Tiller’s death rocked the reproductive rights community and led the federal government to dispatch U.S. marshals to protect doctors at other health centers. Six years later, it’s still dangerous to work at an abortion clinic. Incidences of stalking and harassment have been on the rise, and anti-abortion protests sometimes follow employees home to their private residences. In response, some abortion providers have resorted to wearing disguises or taking different routes to and from work. Others have left the profession.
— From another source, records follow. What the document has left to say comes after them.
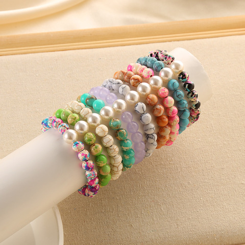 Toptan el yapımı takı taklit inci streç bilezik renkli 8mm turkuaz doğal taş boncuklu bilezikler kadınlar için hediye
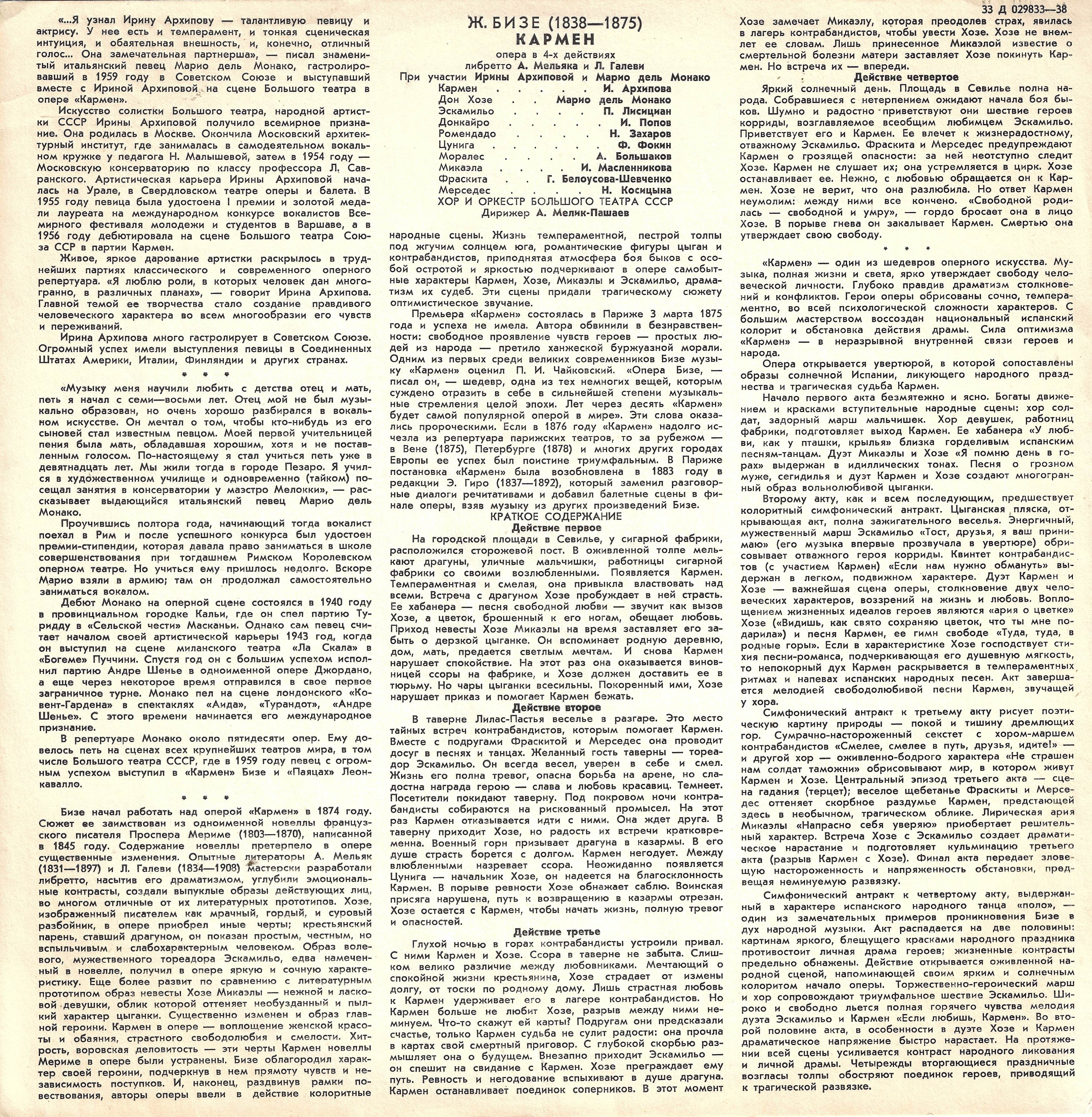 Ж. Бизе – Кармен, опера в 4-х действиях. Либретто А. Мельяка и Л. Галеви. При участии Ирины Архиповой и Марио дель Монако (3 пластинки)
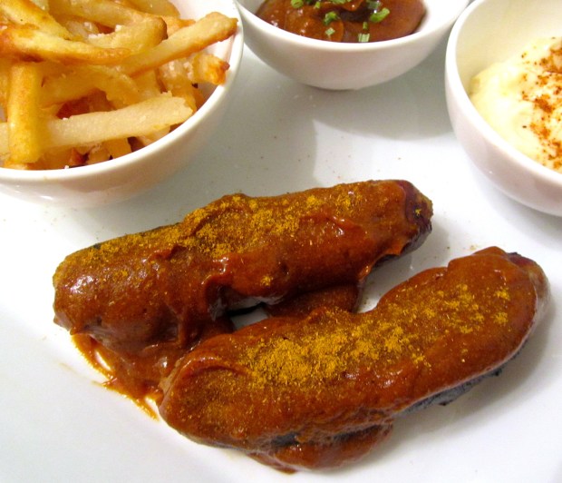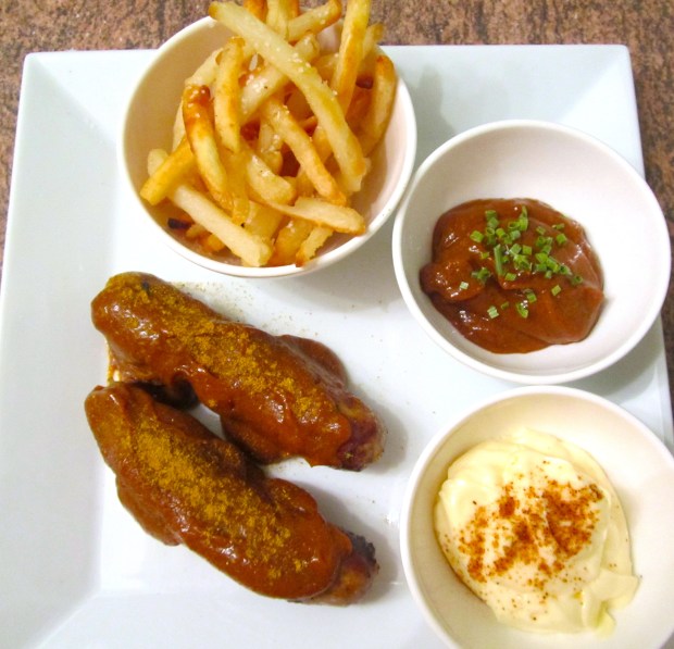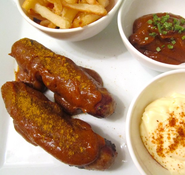 A post worth writing / reading you ask ? Well, if you ever had a good curry wurst, you start salivating just by reading the title. If you never had one, you might shake your head in disbelieve. What could be so special about a sausage drowned in curry-ketchup ? What the heck is curry ketchup ? Like many things in life, a mere description can never do justice to the actual experience of eating the real thing. I for one love my caviar, foie gras, lobster and so forth. But as you must have realized by now, I just as much appreciate the simpler thing’s in live. “Curry wurst mit fritten” certainly is one of them. Now, there are many different sausages suitable for this dish, but since I live in the states, it is more difficult in certain areas to source good quality sausages. However, I have access to very good mild Italian sausages which fit perfectly. As for the curry sauce, many elaborate sauces have been concocted over time, some more, most less successful. What works best for me is a quality ketchup mixed with roasted garlic puree, good quality curry powder and a bit of salt. That’s it ! Please don’t knock it before you tried it. I have surprised many a chef over the years with this simple sauce (condiment), most of whom were eager to get the “secret recipe”. Important also is to sprinkle a fair amount of the curry powder over the sauced sausage just before serving. I can think of no other dish in the world were I would suggest that, but here it works just beautifully. Also very important are first class, crispy french fries, sprinkled generously with sea salt and dipped into mayonnaise. Yep, the comercial kind of mayo works best here. Save the good home made stuff for something else 🙂
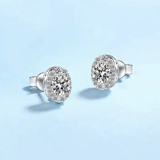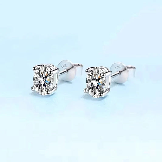 Daughter White Gold 18K Earplug Stud Earrings 1CT Oval Moissanite Diamond Girlfriend Birthday Gift WOMEN Wedding Fine Jewelry
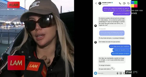 “A tus hijas tenes que mantener y dejar de hacerte el vivo. Pero sos siempre el mismo”, le reclamaba la conductora, a lo que Mauro escribió: “A mis hijas las mantendré cuando se haga un arreglo…si es lo que pretendes estar separada. Yo tengo la ilusión de que esté todo bien”.

Opponents of abortion also sometimes vandalize clinic buildings to prevent staff members from doing their jobs. Earlier this year, a masked intruder allegedly methodically destroyed security cameras at Mississippi’s last abortion clinic. And last year, an abortion clinic in Montana was forced to close after an anti-choice activist broke in and destroyed nearly everything inside; it still hasn’t been able to re-open, effectively ending abortion services altogether in Northwest Montana.

Update:

The suspect says that his friend made the explosive device and he didn’t mean to bring it into the clinic. Authorities now say they don’t believe he intended to harm anyone. But Burkhart says that she’s glad her security protocols were effective. “With what happened with him and other instances of violence across the country, we enacted security protocols,” she told CNN. “I’m very concerned that someone would come in the building with weapons.”